Customers at the planned downtown Evanston Target store will have exclusive access to some of the best parking spaces in the Sherman Plaza garage under a lease scheduled to be approve by aldermen tonight.
The lease calls for reserving 26 spaces on the east side of the third level of the 12-story garage — the spaces closest to the elevators providing direct access to the store — for Target customers.
The spaces would be marked with a one-hour time limit, and customers who observed that limit could, under the current garage parking fee schedule, park in the garage for free.
The city plans to make the spaces available at no charge to Target, but customers who spent longer than an hour in the garage would have to pay regular garage fees and would at least potentially be subject to the risk of getting a ticket.
With Target scheduled to be open from 7 a.m. to 11 p.m., the city could hypothetically lose as much as $151,840 in annual revenue — compared to having the 26 spaces filled by customers paying the $2 rate for two hours of parking.
But since the garage is hardly ever full, officials anticipate any revenue impact will actually be quite modest.
City Manager Wally Bobkiewicz says, “Trips to Target will not exceed one hour in most cases regardless” of how long the parking time limit is.
“We want there to be easy in and easy out to support use of the store for those driving,” Bobkiewicz said, adding, “We plan to carefully monitor the spaces and have ability to reduce number dedicated for Target if not all are being used.”
Target to open in Sherman Plaza (5/18/17)
1st hour free?
“With Target scheduled to be open from 7 a.m. to 11 p.m., the city could hypothetically lose as much as $151,840 in annual revenue — compared to having the 26 spaces filled by customers paying the $2 rate for two hours of parking.” Bill you may want to double check, but this may be a nonstory here as your 1st hour is free in that parking lot right now. I’m not sure how they would loss revenue then, maybe you could explain?

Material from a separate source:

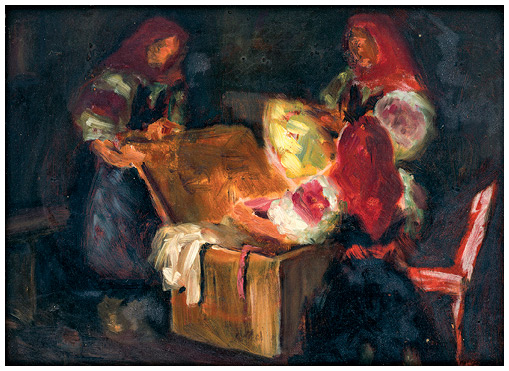 Для каждой девочки в семье большуха отводила сундук, куда годами складывали приданое. Большую его часть девочка готовила сама, едва научившись прясть и вышивать. Там же хранили праздничные одежды, подтверждавшие «честь и славу рода»[14]. Старшая женщина решала, что именно из ценных вещей достанется ее дочерям или внучкам, поэтому сундуки девушек могли пополниться у одной прабабушкиной шубой, у другой – бабушкиными шалями, у третьей – праздничным платьем, которому уже несколько веков. Лишь одной доставался лучший материнский головной убор. Остальные, если семья не была богата, даже на собственную свадьбу брали красивый убор в долг, а потом возвращали его. Отсюда можно понять, что в сказках приданое героиням дает Баба Яга – большуха.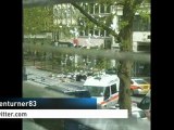 Amateur video and aerial shots catch a man believed to be armed with petrol and a blowtorch throwing items out of the office block he is holed up in.

If you park for 60 minutes or less you pay $0.
If you park for 61 to 120 minutes you’re charged $2.
That works out to a dollar an hour for the two-hour parkers. 26 spaces, times $1 an hour, times 16 hours a day that the store is open, times 365 days a year, is $151,840. That’s the maximum hypothetical revenue loss to the city.
Obviously the actual cost will be less than the hypothetical maximum. How much less, we don’t have sufficient data to determine with any certainty.
Bill, currently at this
Bill, currently at this moment, your first hour is free in that parking lot. So if I went today and parked for an hour or less, it would be free. So again, please explain?
By restricting prime spaces to non-paying one-hour parkers you potentially displace longer-term, paying parkers from the garage.
No I don’t understand. Maybe
No I don’t understand. Maybe you are missing the point that the city never has generated any revenue in that garage (in its history) for a car that has been parked there for an hour or less. You can’t lose what you never had.
Maybe you should be making the argument that the city should change its policy about one hour parking in city garages, because it’s missing potential revenue. That’s a whole different story and has nothing to do with Target.
Not a big deal – City isn’t going to enforce!
The lease says the city “will not manage or enforce the Parking Limit at the outset of this Lease” so feel free to park there.
since you’ve read the lease, you should also understand that the laissez faire conditions may not continue if Target concludes non-customers are pirating its spaces.
Again…another city pain-in-the-neck parking issue. I will shop on Howard st. for free….with plenty of spaces to choose from! The ongoing hassle to park in the downtown area isn’t worth the aggravation it causes.
Now that Target is moving in, are they going to do anything about the weed / BO smell that’s always in the elevators?
I use this garage daily, and
I use this garage daily, and it is already at capacity during peak hours. It can take 10 minutes to just leave the garage when others are trying to do so. Wonder how this will impact my daily life.
How is it not full?
I am an Evanston resident with a monthly parking pass for the garage for work. It’s perhaps “technically” not full in that there are a handful of spaces open, but between the condo residents and the monthly parkers, I have to reach nearly the top level every morning to find a space. And as noted, the backups to enter and leave the garage are growing, particularly with the new card readers they installed. I can’t imagine people parking for this Target – I thought it was for the Northwestern students and all the car-free condo owners who are supposed to value public transit?